In case you don't want to go back and read that thread, it was proposed by a neighbor (who also has worked with wood a long time) that my wood pile, although it had shrunk over the year, would gain in height over the summer. I highly doubted it but fully knowing how often I can be wrong, I simply made a couple of measurements on one wood pile.

This wood was stacked in April of 2009.

Wood-2009e.gif


When I took measurements there were a couple places where it measured exactly 46" in height.
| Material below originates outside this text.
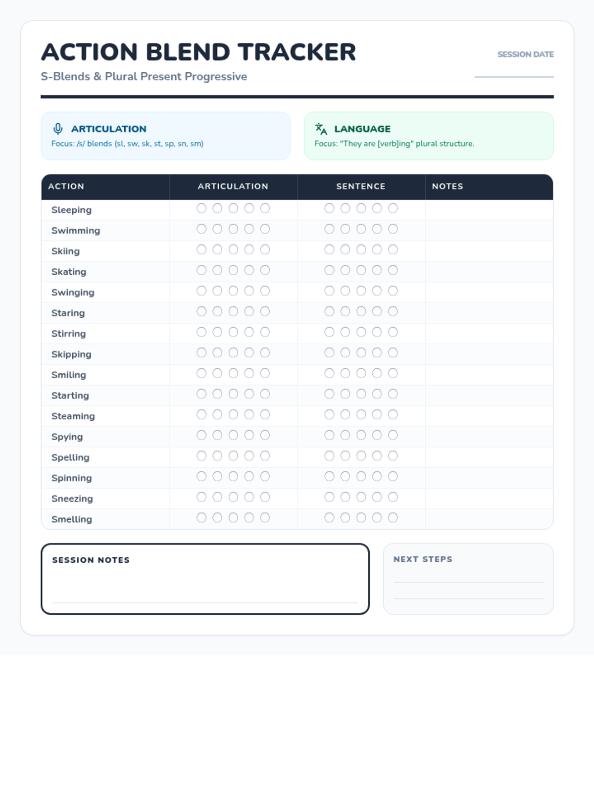 A teacher-facing tracking sheet for speech-language therapy sessions. Includes space to monitor articulation accuracy for s-blends and sentence structure mastery for plural present progressive frames. Optimized for single-page printing.

Today I happened to think about it so this morning I took another measurement. It measured exactly 46". Another theory shot. Now I don't know whether to tell the neighbor the result or not for fear of insulting him! lol

btw, it has been brought up from time to time also about relative humidity and its effect on wood. One can certainly say that we've had some mighty high humidity for quite some time now too. Maybe I'll measure that stack a few more times before winter sets in.
 
I've noticed mine shrink, and sometimes noticeably shrink more on the sunny side of the pile.
But I've never heard of or noticed them grow!
I would think that as the wood cells dry out and harden (and shrink) that they could soften again (punky) but not expand again.
That's my $0.02 from Eastern Canada.
Come January, it's ashes anyway!
 
A lot of people have some "different" ideas about how humidity affects fire wood, I think maplewood got it right.
 
I do enjoy seeing those stacks - looks great.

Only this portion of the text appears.